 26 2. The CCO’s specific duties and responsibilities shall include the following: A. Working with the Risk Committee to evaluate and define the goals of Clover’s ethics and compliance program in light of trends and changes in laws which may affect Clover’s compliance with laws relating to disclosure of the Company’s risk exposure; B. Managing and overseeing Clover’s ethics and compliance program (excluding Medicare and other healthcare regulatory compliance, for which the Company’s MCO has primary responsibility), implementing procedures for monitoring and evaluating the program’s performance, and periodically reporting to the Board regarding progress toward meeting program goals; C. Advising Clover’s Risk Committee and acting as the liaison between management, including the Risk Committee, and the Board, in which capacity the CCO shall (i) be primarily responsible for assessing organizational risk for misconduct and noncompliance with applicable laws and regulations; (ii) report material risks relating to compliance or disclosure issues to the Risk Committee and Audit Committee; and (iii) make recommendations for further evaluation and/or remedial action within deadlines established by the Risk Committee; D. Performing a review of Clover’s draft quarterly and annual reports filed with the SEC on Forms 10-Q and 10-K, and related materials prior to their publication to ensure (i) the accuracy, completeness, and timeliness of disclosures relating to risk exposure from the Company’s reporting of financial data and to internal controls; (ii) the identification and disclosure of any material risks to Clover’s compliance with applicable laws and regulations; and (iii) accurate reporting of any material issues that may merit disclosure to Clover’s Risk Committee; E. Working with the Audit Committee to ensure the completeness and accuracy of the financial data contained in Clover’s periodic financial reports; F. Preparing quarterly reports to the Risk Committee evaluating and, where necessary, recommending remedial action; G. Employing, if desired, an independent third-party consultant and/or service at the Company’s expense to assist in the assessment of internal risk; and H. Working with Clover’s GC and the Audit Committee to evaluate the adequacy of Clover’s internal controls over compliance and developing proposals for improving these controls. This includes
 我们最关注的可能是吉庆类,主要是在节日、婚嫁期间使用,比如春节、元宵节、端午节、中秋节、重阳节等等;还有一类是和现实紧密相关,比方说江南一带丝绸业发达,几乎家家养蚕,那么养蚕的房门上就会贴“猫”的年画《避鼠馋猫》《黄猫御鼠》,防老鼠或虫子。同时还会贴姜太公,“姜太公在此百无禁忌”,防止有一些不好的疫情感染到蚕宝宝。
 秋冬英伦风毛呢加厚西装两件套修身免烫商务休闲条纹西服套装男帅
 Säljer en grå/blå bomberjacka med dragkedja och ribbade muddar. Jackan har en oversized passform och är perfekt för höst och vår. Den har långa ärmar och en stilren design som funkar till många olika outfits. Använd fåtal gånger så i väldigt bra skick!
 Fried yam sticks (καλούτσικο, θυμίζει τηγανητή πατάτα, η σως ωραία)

--

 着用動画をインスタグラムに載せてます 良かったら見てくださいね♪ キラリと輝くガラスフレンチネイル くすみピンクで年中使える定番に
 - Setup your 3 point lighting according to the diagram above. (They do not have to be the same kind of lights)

-- Work to complete --
Extract the lines of the preceding material that run from the line with "我们最关注的可能是吉庆类,主" through the line with "Fried yam sticks", inclusive, reproducing them exactly and adding nothing.

-- Response below --
 我们最关注的可能是吉庆类,主要是在节日、婚嫁期间使用,比如春节、元宵节、端午节、中秋节、重阳节等等;还有一类是和现实紧密相关,比方说江南一带丝绸业发达,几乎家家养蚕,那么养蚕的房门上就会贴“猫”的年画《避鼠馋猫》《黄猫御鼠》,防老鼠或虫子。同时还会贴姜太公,“姜太公在此百无禁忌”,防止有一些不好的疫情感染到蚕宝宝。
 秋冬英伦风毛呢加厚西装两件套修身免烫商务休闲条纹西服套装男帅
 Säljer en grå/blå bomberjacka med dragkedja och ribbade muddar. Jackan har en oversized passform och är perfekt för höst och vår. Den har långa ärmar och en stilren design som funkar till många olika outfits. Använd fåtal gånger så i väldigt bra skick!
 Fried yam sticks (καλούτσικο, θυμίζει τηγανητή πατάτα, η σως ωραία)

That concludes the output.